### Directions
Retype the whole listing exactly. Leave out pictures.

(Information supplied begins)

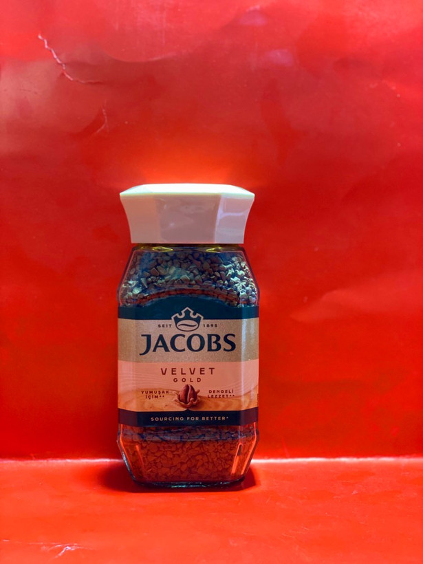 - برچسب طلایی با نوشتهی JACOBS و عبارت VELVET GOLD.
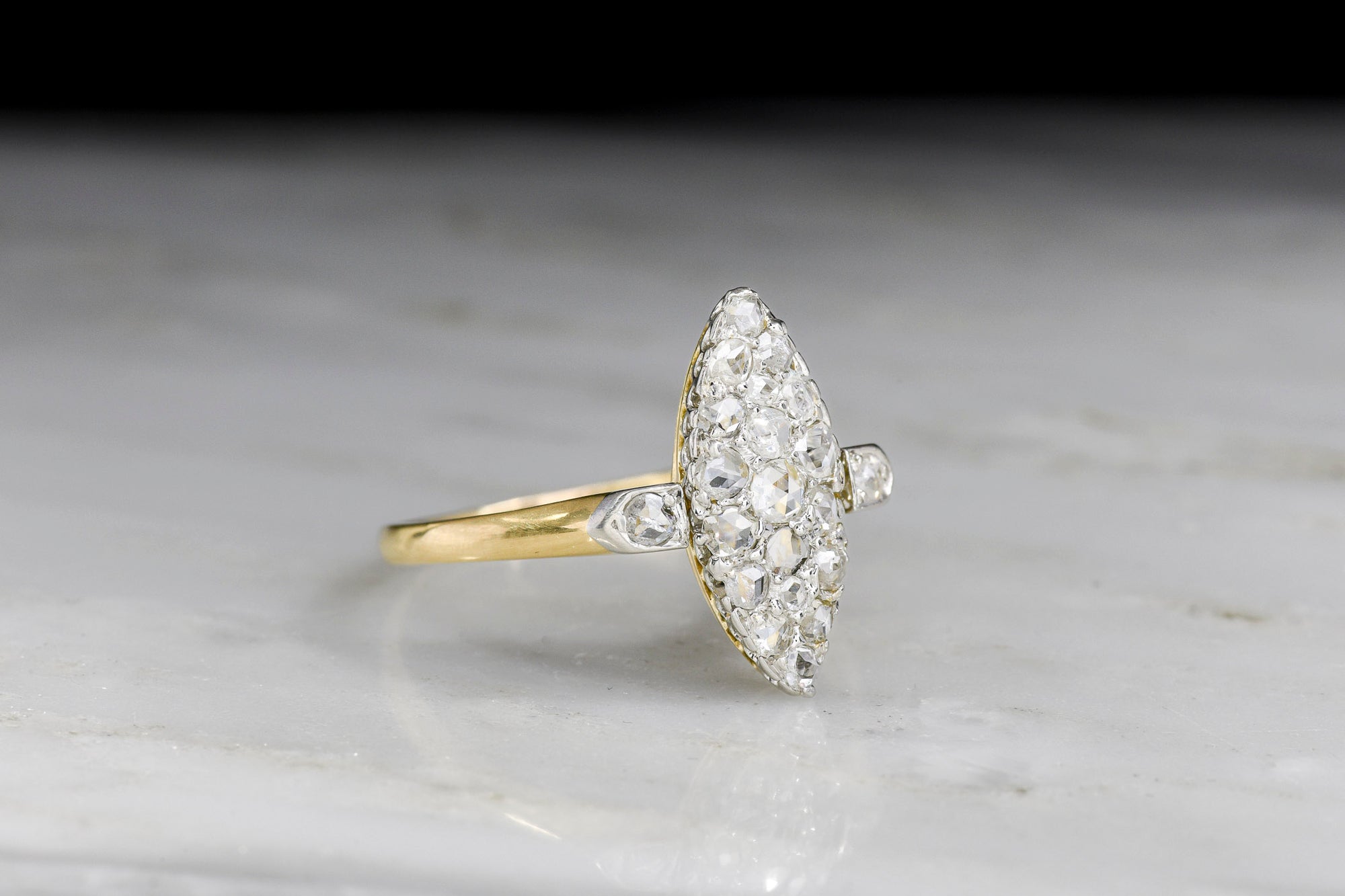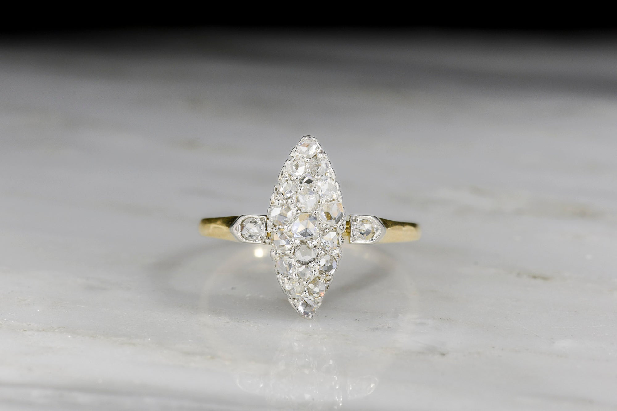 Sold OutLate/Post Victorian Rose Cut Diamond Navette Ring with French Hallmarks
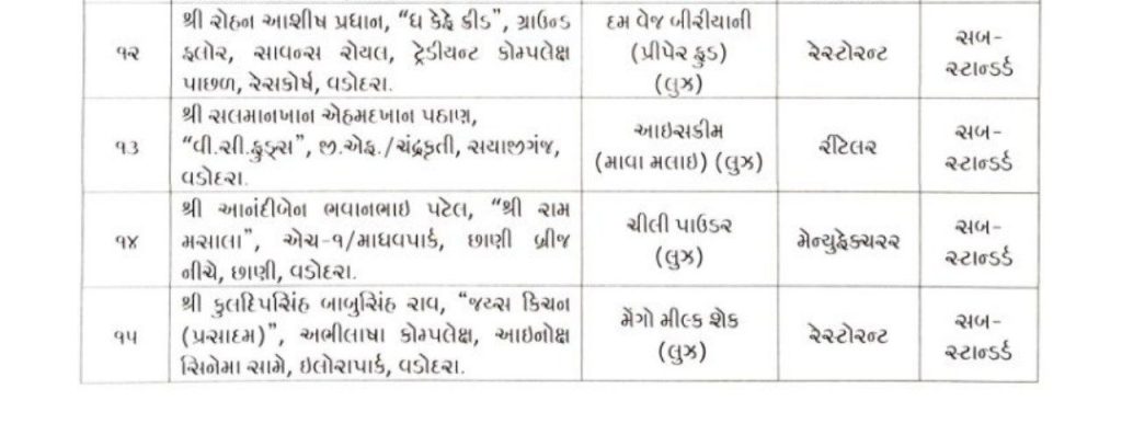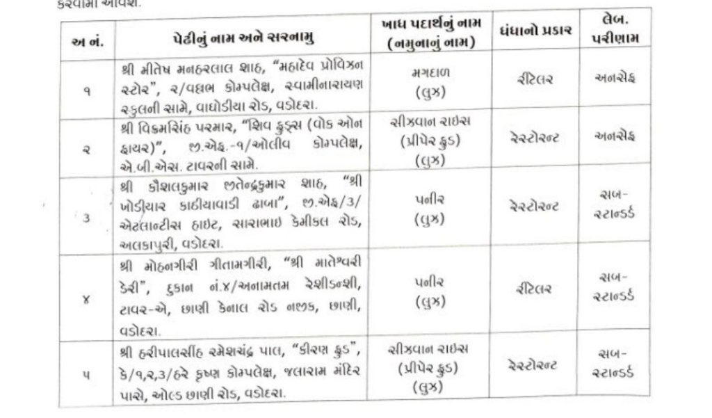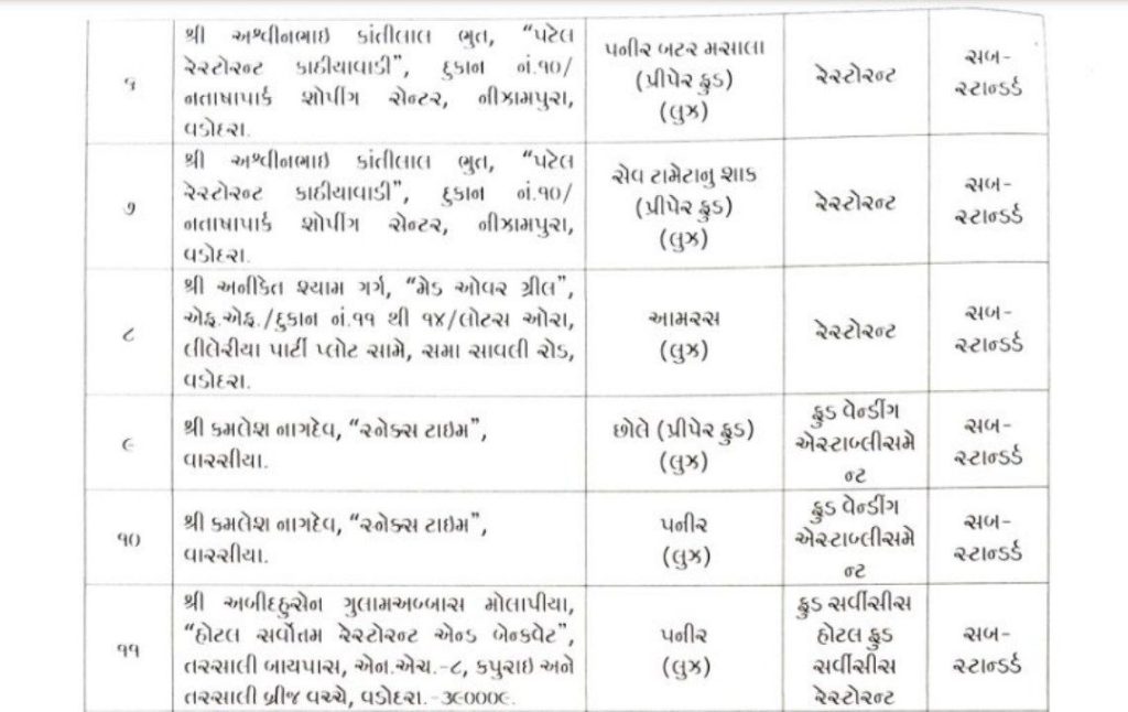 ખોરાક શાખાનાં ફૂડ સેફટી ઓફીસરો દ્વારા વડોદરાનાં વિવિધ વિસ્તારોમાં આવેલ રીટેલ દુકાનો, રેસ્ટોરન્ટ, ફુડ વેન્ડીંગ એસ્ટાબ્લીસમેન્ટ, ફુડ સર્વીસીસ હોટલ ફુડ સર્વીસીસ રેસ્ટોરન્ટ, ઉત્પાદકમાંથી મગદાળ, પનીર, સીઝવાન રાઇસ, આઇસક્રીમ, પનીર બટર મસાલા, ચીલી પાવડર, સેવ ટામેટાનું શાક, આમરસ, છોલે, દમ વેજ બીરીયાની, મેંગો મીલ્ક શેક વિગેરેનાં 15 નમુના ફુડ એનાલીસ્ટ, પબ્લીક હેલ્થ લેબોરેટરી, ફતેગંજ ખાતેના પૃથ્થકરણ રીપોર્ટ આધારે અયોગ્ય જાહેર થયેલા છે. જે પૈકી બે નમુના અનસેફ અને 13 નમુનાઓ સબ-સ્ટાન્ડર્ડ મળી આવ્યા છે. જે વેપારીઓની સામે ફુડ સેફટી એન્ડ સ્ટાન્ડર્ડ એકટ અન્વયે આગળની કાયદેસરની કાર્યવાહી કરવામાં આવશે.

(Information supplied ends)

### Result of this exercise
 - برچسب طلایی با نوشتهی JACOBS و عبارت VELVET GOLD.
 Sold OutLate/Post Victorian Rose Cut Diamond Navette Ring with French Hallmarks
 ખોરાક શાખાનાં ફૂડ સેફટી ઓફીસરો દ્વારા વડોદરાનાં વિવિધ વિસ્તારોમાં આવેલ રીટેલ દુકાનો, રેસ્ટોરન્ટ, ફુડ વેન્ડીંગ એસ્ટાબ્લીસમેન્ટ, ફુડ સર્વીસીસ હોટલ ફુડ સર્વીસીસ રેસ્ટોરન્ટ, ઉત્પાદકમાંથી મગદાળ, પનીર, સીઝવાન રાઇસ, આઇસક્રીમ, પનીર બટર મસાલા, ચીલી પાવડર, સેવ ટામેટાનું શાક, આમરસ, છોલે, દમ વેજ બીરીયાની, મેંગો મીલ્ક શેક વિગેરેનાં 15 નમુના ફુડ એનાલીસ્ટ, પબ્લીક હેલ્થ લેબોરેટરી, ફતેગંજ ખાતેના પૃથ્થકરણ રીપોર્ટ આધારે અયોગ્ય જાહેર થયેલા છે. જે પૈકી બે નમુના અનસેફ અને 13 નમુનાઓ સબ-સ્ટાન્ડર્ડ મળી આવ્યા છે. જે વેપારીઓની સામે ફુડ સેફટી એન્ડ સ્ટાન્ડર્ડ એકટ અન્વયે આગળની કાયદેસરની કાર્યવાહી કરવામાં આવશે.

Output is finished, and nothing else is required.